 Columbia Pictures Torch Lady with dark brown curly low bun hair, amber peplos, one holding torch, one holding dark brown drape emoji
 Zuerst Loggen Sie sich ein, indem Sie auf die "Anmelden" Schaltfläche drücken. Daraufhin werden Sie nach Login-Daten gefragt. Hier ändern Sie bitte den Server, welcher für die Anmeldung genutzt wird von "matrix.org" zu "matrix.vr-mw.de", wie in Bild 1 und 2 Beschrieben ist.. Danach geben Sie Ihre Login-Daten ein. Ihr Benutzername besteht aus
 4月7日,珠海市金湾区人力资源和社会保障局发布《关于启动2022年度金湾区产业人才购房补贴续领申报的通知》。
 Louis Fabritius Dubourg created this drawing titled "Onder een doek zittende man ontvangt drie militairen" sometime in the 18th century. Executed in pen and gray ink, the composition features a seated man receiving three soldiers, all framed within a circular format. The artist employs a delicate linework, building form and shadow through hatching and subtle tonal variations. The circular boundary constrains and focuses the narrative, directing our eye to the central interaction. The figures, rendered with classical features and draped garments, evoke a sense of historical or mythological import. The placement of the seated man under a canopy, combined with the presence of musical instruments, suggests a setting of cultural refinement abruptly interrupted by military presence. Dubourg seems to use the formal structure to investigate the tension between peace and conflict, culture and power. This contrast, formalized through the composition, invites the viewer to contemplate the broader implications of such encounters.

◆ **How to complete this task**
Up to and including the line containing "4月7日,珠海市金湾区人力资", please write out the listing exactly, starting from its first line.

◆ **Output of the exercise**
 Columbia Pictures Torch Lady with dark brown curly low bun hair, amber peplos, one holding torch, one holding dark brown drape emoji
 Zuerst Loggen Sie sich ein, indem Sie auf die "Anmelden" Schaltfläche drücken. Daraufhin werden Sie nach Login-Daten gefragt. Hier ändern Sie bitte den Server, welcher für die Anmeldung genutzt wird von "matrix.org" zu "matrix.vr-mw.de", wie in Bild 1 und 2 Beschrieben ist.. Danach geben Sie Ihre Login-Daten ein. Ihr Benutzername besteht aus
 4月7日,珠海市金湾区人力资源和社会保障局发布《关于启动2022年度金湾区产业人才购房补贴续领申报的通知》。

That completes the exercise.